TASK TO CARRY OUT = Pictures excluded, reproduce exactly the lines below from the one with "Seide, polychrom bedruckt" through the one with "Immunofluorescence analysis of", both included.

RAW DATA =
____________

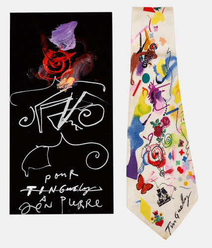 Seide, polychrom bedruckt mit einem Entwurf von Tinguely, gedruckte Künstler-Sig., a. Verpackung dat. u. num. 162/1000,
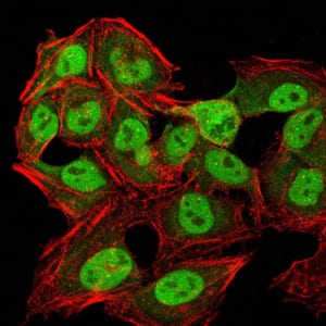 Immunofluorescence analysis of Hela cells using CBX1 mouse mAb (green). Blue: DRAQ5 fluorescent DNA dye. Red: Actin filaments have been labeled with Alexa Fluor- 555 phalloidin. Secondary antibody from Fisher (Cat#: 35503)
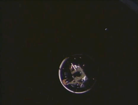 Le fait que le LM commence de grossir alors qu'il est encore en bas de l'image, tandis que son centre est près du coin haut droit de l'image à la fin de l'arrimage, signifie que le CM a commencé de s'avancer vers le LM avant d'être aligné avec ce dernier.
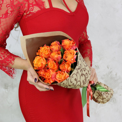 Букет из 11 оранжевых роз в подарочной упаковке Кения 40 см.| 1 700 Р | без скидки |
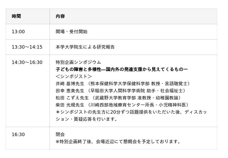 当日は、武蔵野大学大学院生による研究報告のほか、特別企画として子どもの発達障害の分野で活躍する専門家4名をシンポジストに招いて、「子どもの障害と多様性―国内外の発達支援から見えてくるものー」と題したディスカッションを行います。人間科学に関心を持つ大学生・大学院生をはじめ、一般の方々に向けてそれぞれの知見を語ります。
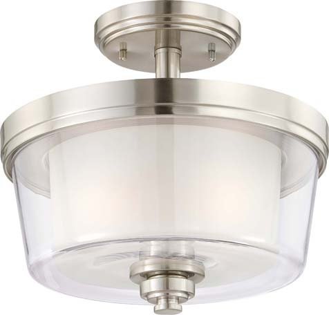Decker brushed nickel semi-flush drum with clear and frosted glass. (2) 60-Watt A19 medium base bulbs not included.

____________

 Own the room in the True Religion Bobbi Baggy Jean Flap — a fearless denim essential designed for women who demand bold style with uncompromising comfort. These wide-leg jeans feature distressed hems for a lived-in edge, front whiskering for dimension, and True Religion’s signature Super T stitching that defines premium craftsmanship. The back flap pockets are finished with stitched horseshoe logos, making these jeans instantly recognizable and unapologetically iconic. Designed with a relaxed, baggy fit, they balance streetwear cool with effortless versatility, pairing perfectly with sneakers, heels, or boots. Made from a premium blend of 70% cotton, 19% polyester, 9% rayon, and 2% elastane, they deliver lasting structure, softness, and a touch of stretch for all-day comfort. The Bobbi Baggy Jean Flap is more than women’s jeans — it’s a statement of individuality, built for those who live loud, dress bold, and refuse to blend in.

____________

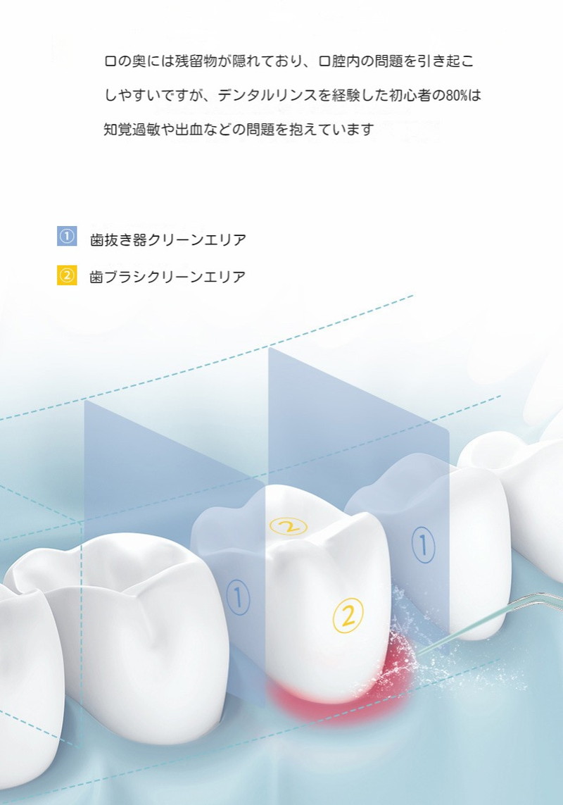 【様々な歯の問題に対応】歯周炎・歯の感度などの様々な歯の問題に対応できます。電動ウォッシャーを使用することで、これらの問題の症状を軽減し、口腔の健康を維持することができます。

____________

ANSWER BELOW =
 Seide, polychrom bedruckt mit einem Entwurf von Tinguely, gedruckte Künstler-Sig., a. Verpackung dat. u. num. 162/1000,
 Immunofluorescence analysis of Hela cells using CBX1 mouse mAb (green). Blue: DRAQ5 fluorescent DNA dye. Red: Actin filaments have been labeled with Alexa Fluor- 555 phalloidin. Secondary antibody from Fisher (Cat#: 35503)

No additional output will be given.